BTW C++11 is not permitted!

Answer 1

The standard std::scanf only supports standard types. Unless your standard library documents a format specifier that allows the use of non-standard types, you cannot use it to read into non standard types. If it does, then simply follow their documentation.

You could try to first scan into a standard type, then mask the extra bits (if any), and convert. If the input wouldn't overflow the intended target types, then the masking is superfluous.

long temp_a, temp_b; // could use short or int for temp_a
std::scanf("%ld %ld", &temp_a, &temp_b);
__int16_t a = temp_a & 0xffff;
__int32_t b = temp_b & 0xffffffff;

---

For completeness, if one can use C++11, they have standard fixed width types:

std::int16_t a;
std::int32_t b;
std::scanf("%" PRId16 "%" PRId32, &a, &b)

---

Or, if your streaming library has overloads for the non-standard types, use std::cin. That way you can deal with invalid input.

Answer 2

__int16_t is presumably a (compiler-specific) type that is a 16-bit signed integer. scanf() does not generally support such compiler-specific types (and, if it does, it will require a format specifier that is specific to your compiler and library).

In the following, I assume a compiler that supports __int16_t as a 16-bit signed integral type, and scanf() does not provide any way to read one.
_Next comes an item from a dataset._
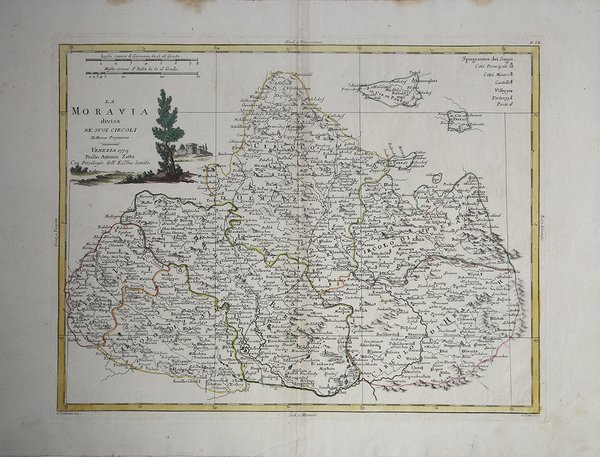 Carta geografica tratta dall’Atlante novissimo, illustrato ed accresciuto sulle osservazioni e scoperte fatte dai più celebri e più recenti geografi. Stampato in quattro volumi da Antonio Zatta tra il 1779 ed il 1785. Atlante fra i più belli e completi mai pubblicati in Italia nel XVIII secolo, l'opera più famosa dello Zatta. L’Atlante Novissimo, come si specifica anche nel titolo, è “accresciuto sulle osservazioni scoperte fatte dai più celebri e più recenti geografi”. Tra le novità più significative vi è la comparsa delle nuove isole scoperte nell'Oceano Pacifico da James Cook e la prima carta italiana della Nuova Zelanda. Le illustrazioni furono ' ideate e disegnate dai suoi collaboratori Giovanni Marco Pitteri, Anton Friedrich Busching, Pietro Antonio Novelli ed incise da Giuliano Zuliani. Il primo tomo dell’atlante è introdotto da un breve saggio di geografia generale dove l’autore definisce in modo sintetico e preciso gli elementi che compongono i reticoli eclittico ed equatoriale usati nelle tavole. Interessante la sezione dove si sofferma ' a descrivere il fenomeno della precessione degli equinozi e quello della variazione ciclica dell'obliquità dell'eclittica. Acquaforte, stampata su carta vergata coeva, coloritura coeva dei contorni, in buone condizioni. Map from the Atlante novissimo, illustrato ed accresciuto sulle osservazioni e scoperte fatte dai più celebri e più recenti geografi. Printed in four volumes by Antonio Zatta between 1779 and 1785. ' Atlas among the most beautiful and complete ever published in Italy in the eighteenth century, the most famous work of Zatta. The Atlante Novissimo, as also specified in the title, is “increased on the observations made by the most famous and most recent geographers”. Among the most significant innovations there is the appearance of the new islands discovered in the Pacific Ocean by James Cook and the first Italian map of New Zealand. The illustrations were designed and drawn by his collaborators Giovanni Marco Pitteri, Anton Friedrich Busching, Pietro Antonio Novelli and engraved by Giuliano Zuliani. The first volume of the atlas is introduced by a brief essay of general geography where the author defines in a concise and precise way the elements that make up the ecliptic and equatorial grids used in the tables. Interesting is the section where he pauses to describe the phenomenon of precession of the equinoxes and the cyclical variation of the obliquity of the ecliptic. Etching, printed on contemporary laid paper, contemporary outline coloring, in good condition. Cfr.

 long int some_int;    //  range at least [-2147483647,2147483647]
 __int16_t a;
 if (scanf("%ld ", &some_int) == 1)
 {
      //   report error if some_int outside range a __int16_t can represent

      a = some_int;
 }
 else
 {
       // an error occurred
 }

I don't use int and the %d format specifier in the above, because the C++ standard only requires an int to be able to represent the range of -32767 to 32767 (albeit permitting a larger range). It is conceivable that int for your compiler can represent the range -32678 to 32767 but that an __int16_t represents the range -32767 to 32768. In such a setting, the above code may not handle input of 32768 correctly if it uses int instead of long int.
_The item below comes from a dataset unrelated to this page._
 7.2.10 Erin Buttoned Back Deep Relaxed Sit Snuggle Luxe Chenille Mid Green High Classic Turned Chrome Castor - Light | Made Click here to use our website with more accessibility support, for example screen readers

Personally, I'd probably try using a C++ istream (e.g. std::cin >> a) instead of C's scanf() because, practically, it is likely it likely to work. The reason is that, if an implementation which supports a type like __int16_t, the effort to have included support in istream for it is less than the effort to support it in scanf().

Answer 3

Use '%d' for __int16_t. I do not know '__int24_t' exists. More here: How to use int16_t or int32_t with functions like scanf.